How Much Do Kids Need?

Healthy 8-year-olds should have about 0.9 grams of omega-3 fatty acids in their diet each day, notes the DHA/EPA Omega-3 Institute. Fish oil is a nutritious source of omega-3s, and is an easy way to ensure that your child is getting plenty of this essential nutrient. The MedlinePlus website notes that children with certain health problems might need different doses of fish oil, which is used as a treatment in certain cases. For example, fish oil can be used for children with asthma or attention deficit hyperactivity disorder. If this describes your 8-year-old, follow his doctor's dosing instructions exactly.

Benefits of Fish Oil

Fish oil helps lower bad cholesterol and aids in keeping arteries healthy, according to William Sears, a well-known pediatrician and author of "The Healthiest Kid in the Neighborhood." Children who take fish oil have healthier skin and are less prone to constipation, notes Sears.

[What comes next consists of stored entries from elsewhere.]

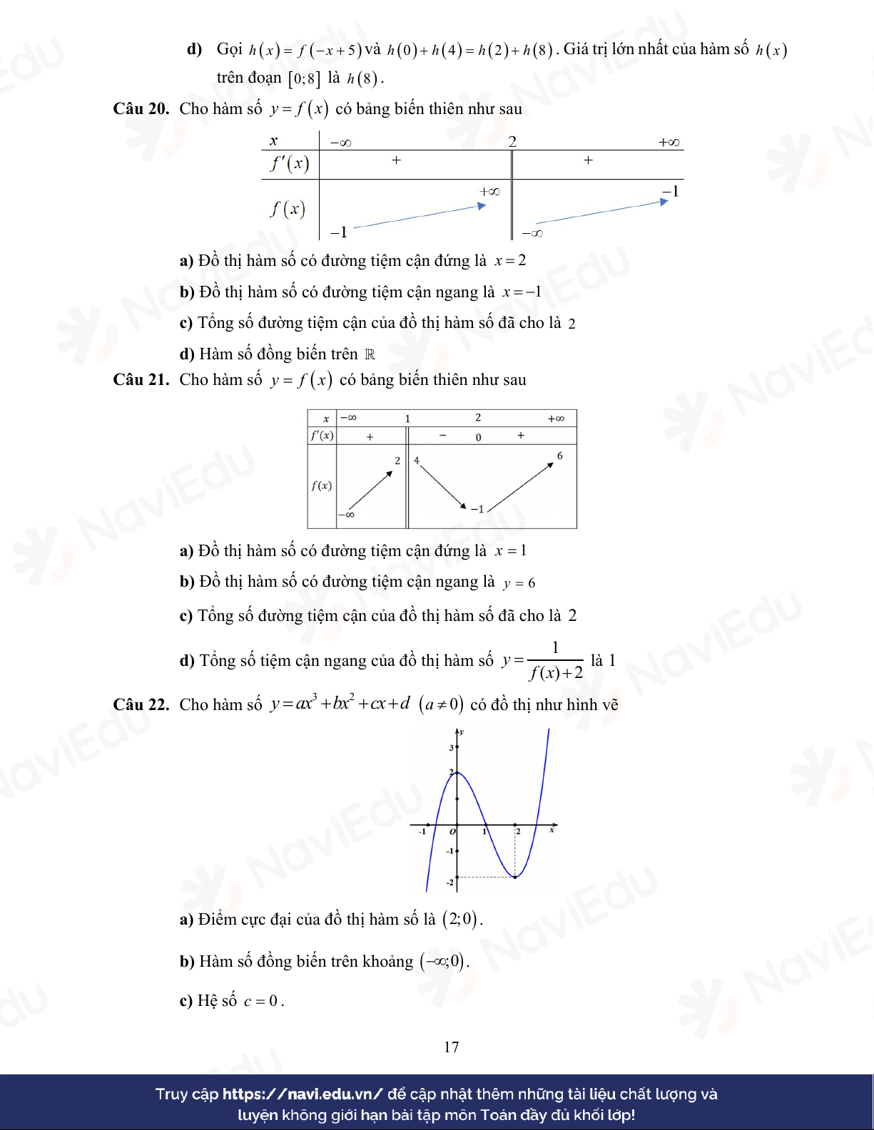 b) Hàm số đồng biến trên khoảng ; 0 . c) Hệ số c 0 . 17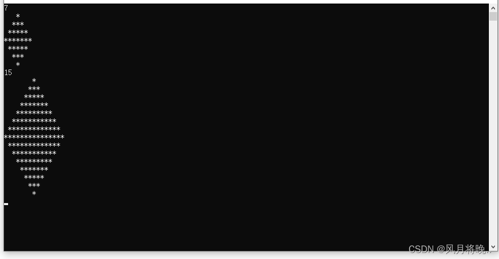 现给出菱形的高度,要求你打印出相应高度的菱形,比如上面的菱形高度为7。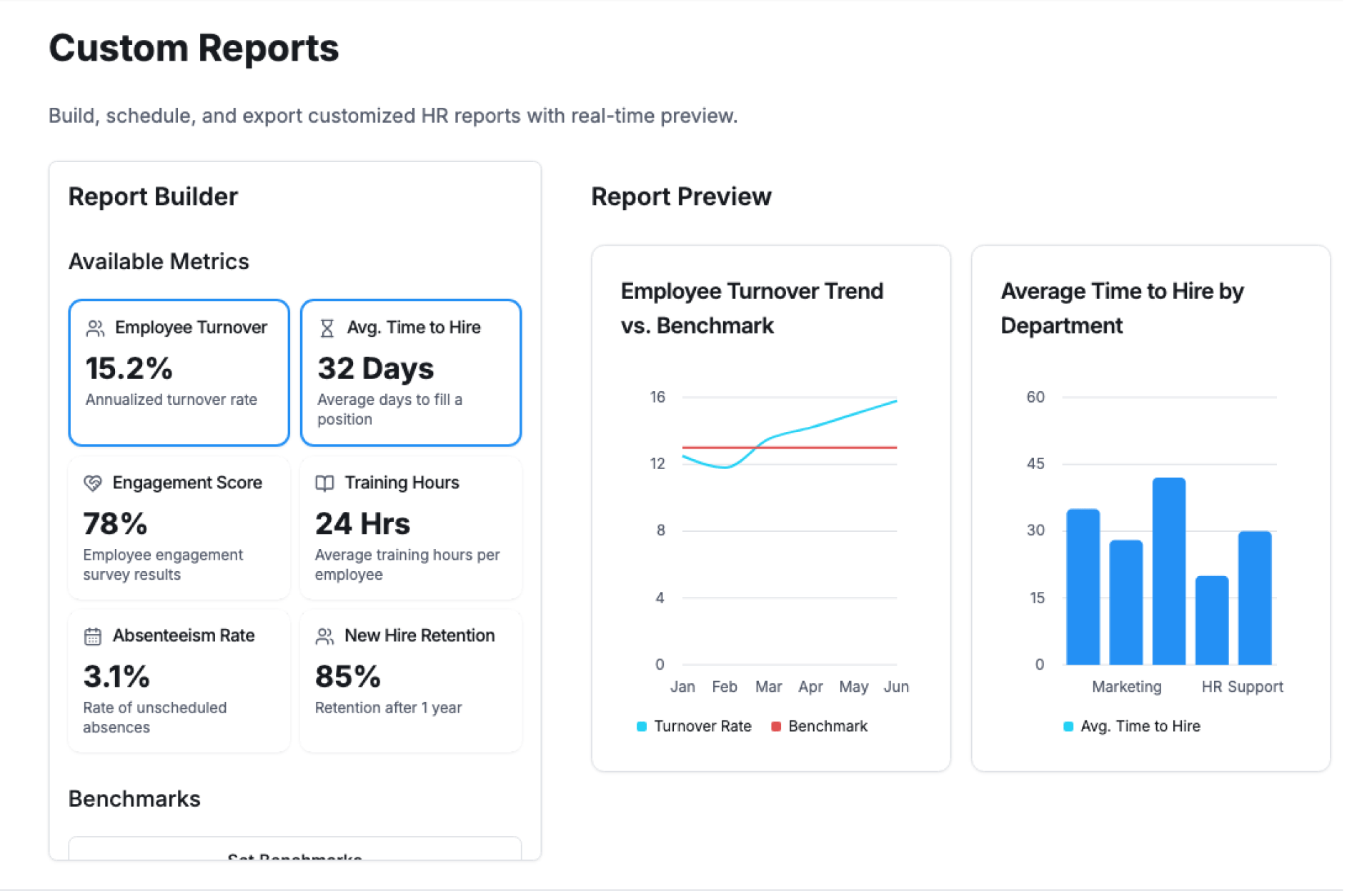 - Select KPIs – Choose from pre-built or custom HR metrics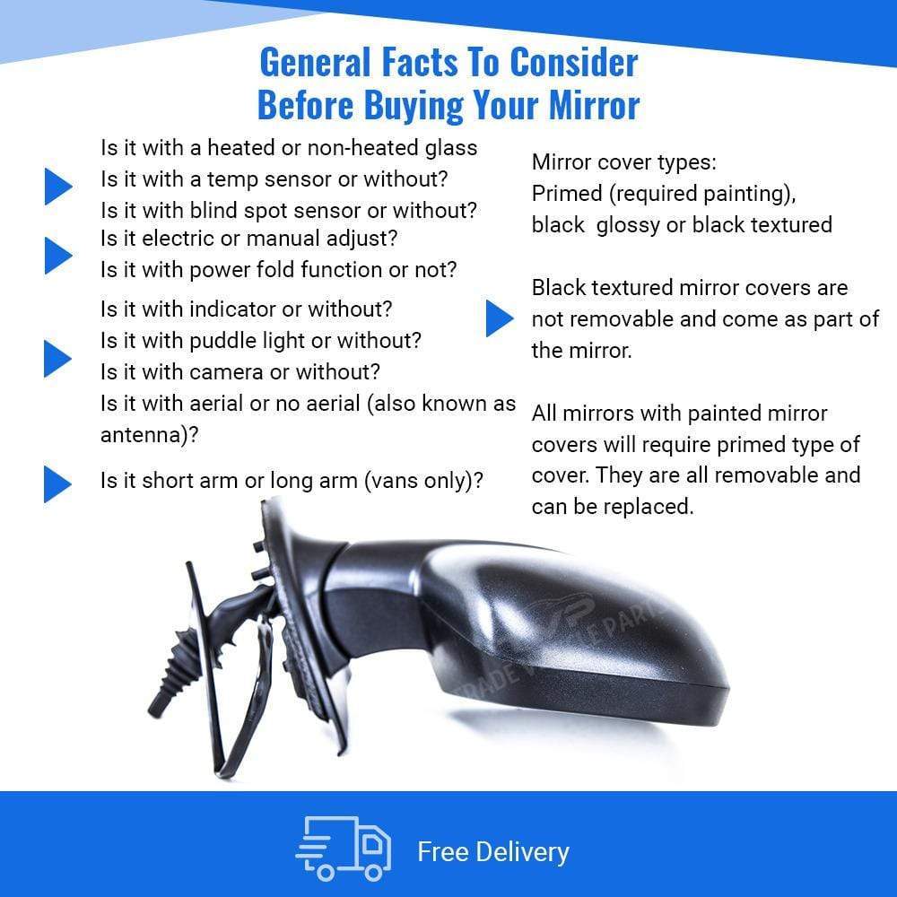 Fits Citroen C3 Picasso 2009-2017 Door Wing Mirror Electric Heated Powerfold Primed Cover Passenger Side

Fish oil is also necessary for proper brain and eye development, notes Keli Hawthorne, a dietitian writing for the BabyCenter website.

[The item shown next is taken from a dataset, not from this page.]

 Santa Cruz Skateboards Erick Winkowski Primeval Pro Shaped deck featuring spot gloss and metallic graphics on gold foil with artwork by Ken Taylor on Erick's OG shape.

Incorporating Fish Oil Into Your Child's Diet

It's best that your 8-year-old gets his nutrients from actual food, advises Hawthorne, but fish oil supplements are a good alternative if your child doesn't enjoy the taste of fish. If your child willingly eats a full serving of fatty fish each week, he probably doesn't need a supplement. Many children have a hard time swallowing a fish oil supplement, so Dr. Sears recommends pricking the pill with a pin and squeezing the oil into foods such as a smoothie. Fruit-flavored fish oil supplements are also available at many health food stores, and these are a good alternative if your child absolutely can't stand the fishy taste of regular fish oil supplements.

Cautions and Risks

Talk to your child's pediatrician before adding fish oil supplements to his daily routine. Your child's doctor will recommend an appropriate supplement, as well as the best dose, which is important because too much fish oil can be dangerous. For example, large amounts of fish oil can increase the risk of stroke, according to the MedlinePlus website. Some fish oil supplements can contain mercury, depending on what type of fish the oil is from. Mercury can cause neurological disorders in growing children, according to the American Academy of Pediatrics. Ask your child's doctor to recommend a fish oil supplement made from low-mercury fish to avoid this potential risk.